Age in Place

When it comes to healthy life longevity, research shows that only about 25% is linked to genetics. The rest is determined by choices people make and the environment they live in. This becomes particularly important as individuals enter retirement years. While the term “retire” means to withdraw and disengage, studies on healthy aging highlight the benefits of remaining engaged, connected and active throughout life. 

Retirement planning involves not only considering how long you will live but also HOW you will live and finding ways to ensure a high quality of life. In other words, it’s not just about optimizing your lifespan (i.e., the number of years alive), but also about maintaining a long health span (i.e., the number of years in good health) and wealth span (i.e., the number of years in good financial standing). Aligning these three areas is unlikely to occur by happenchance but through careful planning. 

In this regard, PLACE, or where you choose to retire, plays a crucial role, as where you choose to retire helps shape your well-being and health. Consider the following factors: 

The physical environment 

One of the key factors to consider when choosing a place to retire is the physical environment in which you will live. Mobility, accessibility, and overall comfort of the place you choose to retire in should be important considerations in determining whether a place feels like home and supports the individual’s well-being. 

However, it’s not just about the four walls of the home; it’s about the physical environment surrounding the person. This includes the neighborhood, metropolitan area and even the region or country the person chooses to retire in. Each of these aspects contributes to the overall living experience and can significantly impact a person’s physical well-being. For example, access to local parks, coffee shops, or social meeting places can influence the person’s social connections and level of physical activity. While living in areas that are prone to inclement weather can also affect the person’s ability to stay active and lead a healthy lifestyle. Even sleep quality can be influenced by a person’s place of residence. 

The social environment 

The United States Surgeon General, Dr. Vivek Murthy, recently issued an advisory “calling attention to the public health crisis of loneliness, isolation, and lack of connection” in the U.S. This advisory demonstrates that social connections should also be a key consideration when planning where to retire. A person’s place of residence shapes their social networks and connections. For many people in the second half of life, the right place means being close to family, including grandchildren. Living in a neighborhood where people know and socialize with each other can make creating and maintaining social connections easier. 

The psychological environment 

Finding your place is not only about the physical location but also about pursuing your passions and developing a sense of purpose. Cultivating purpose can be a challenge for people transitioning from full-time work. Examples of finding purpose could include continuing to work in a more limited capacity, being active in a faith community, or engaging in volunteer work. Where you live can help these opportunities as well as create opportunities to connect with others who share a similar sense of purpose.

Financial well-being 

Financial well-being is another crucial aspect impacted by a person’s place of residence during their retirement years. We currently live in an age of longevity, where a significant percentage of the population will reach the age of 100 or beyond.

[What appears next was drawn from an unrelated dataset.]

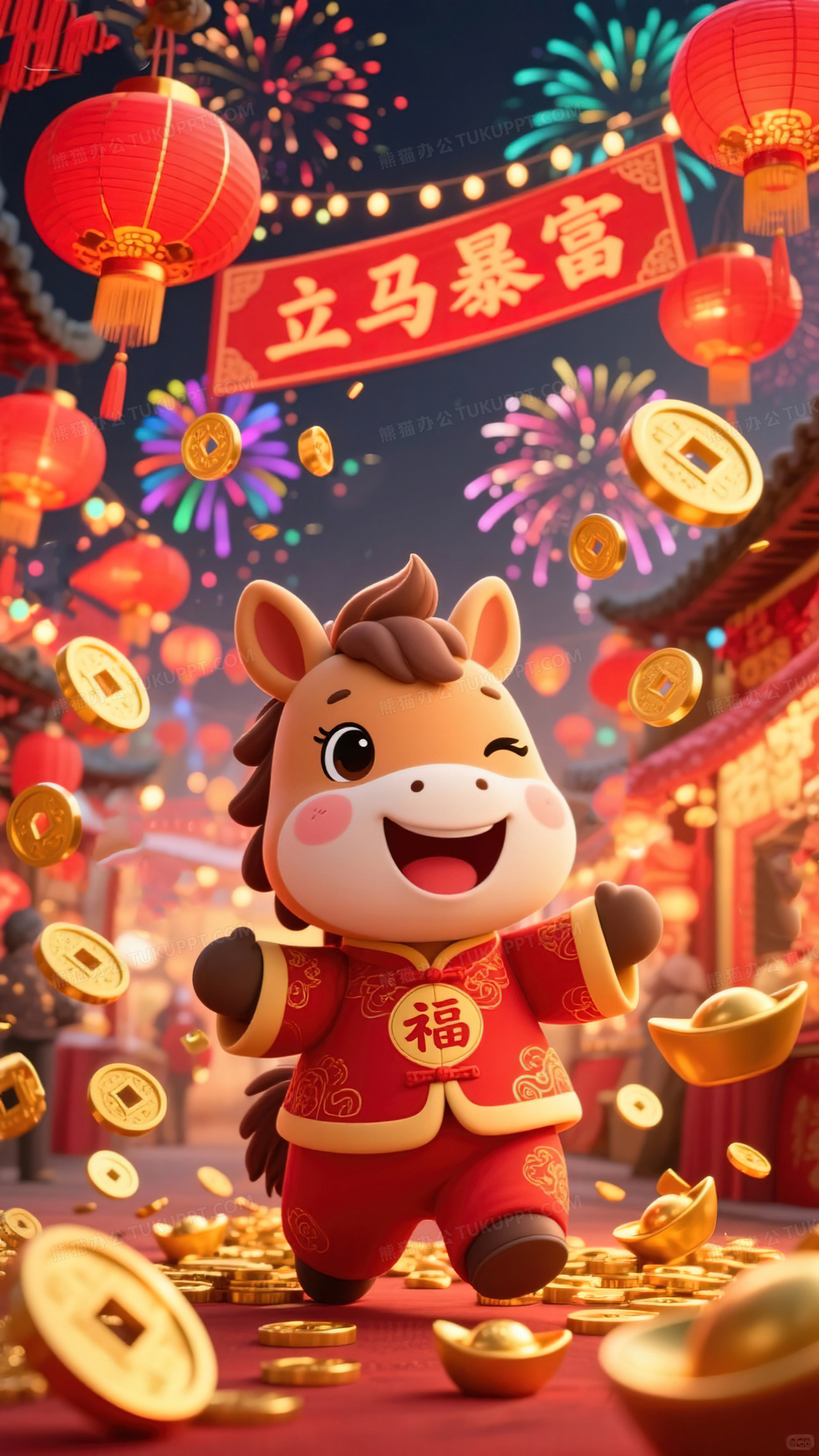 本作品内容为马年新年创意壁纸立马暴富卡通马插画, 格式为 jpg, 大小6 MB, 图片尺寸为1872 x 3328, 源文件无水印, 欢迎使用熊猫办公。 如认为平台内容涉嫌侵权,可通过邮件:tousu@tukuppt.com提出书面通知,我们将及时处理。

Given anticipated scientific and technological advances, life expectancy is expected to continue to rise, especially for those with a college education and financial resources. Financial advisors often recommend planning for a lifespan of 100 years. In this context, finding your place becomes foundational for healthy longevity. 

For many people, housing is a leading expense, but it can also be a significant financial asset. As one looks to optimize financial well-being over an increasingly long life, it is important to manage costs, investment potential and financial flexibility associated with housing. For example, it may make sense to sell one’s home in retirement to free up equity to invest in more attractive vehicles and rent your residence. It could also make sense to invest in energy-efficient appliances or solar panels to lower your operating costs in the future. It could make sense to relocate to a part of the country with a lower cost of living. 

Key Factors to Consider When Choosing Where to Retire 

Although many individuals express a desire to “age in place,” it is essential to understand the true meaning of this term. Aging in place goes beyond simply staying in one’s current residence. It encompasses the physical environment, community, social connections, financial considerations, and the emotional and psychological aspects of your residence. By thoughtfully evaluating these factors, individuals can make informed decisions that align with their desired lifestyle and contribute to a long, healthy, and socially connected life. 

Are You in the Right Place? 

A good way to start the search for your right place is to determine the fit of your current home. You can find out – and get some recommendations to improve your place – by taking the free Right Place Assessment on the Here website (

Place has a significant but often overlooked role in healthy longevity. If you are looking to invest in your health and well-being in retirement, start with planting yourself in your right place and good things will follow.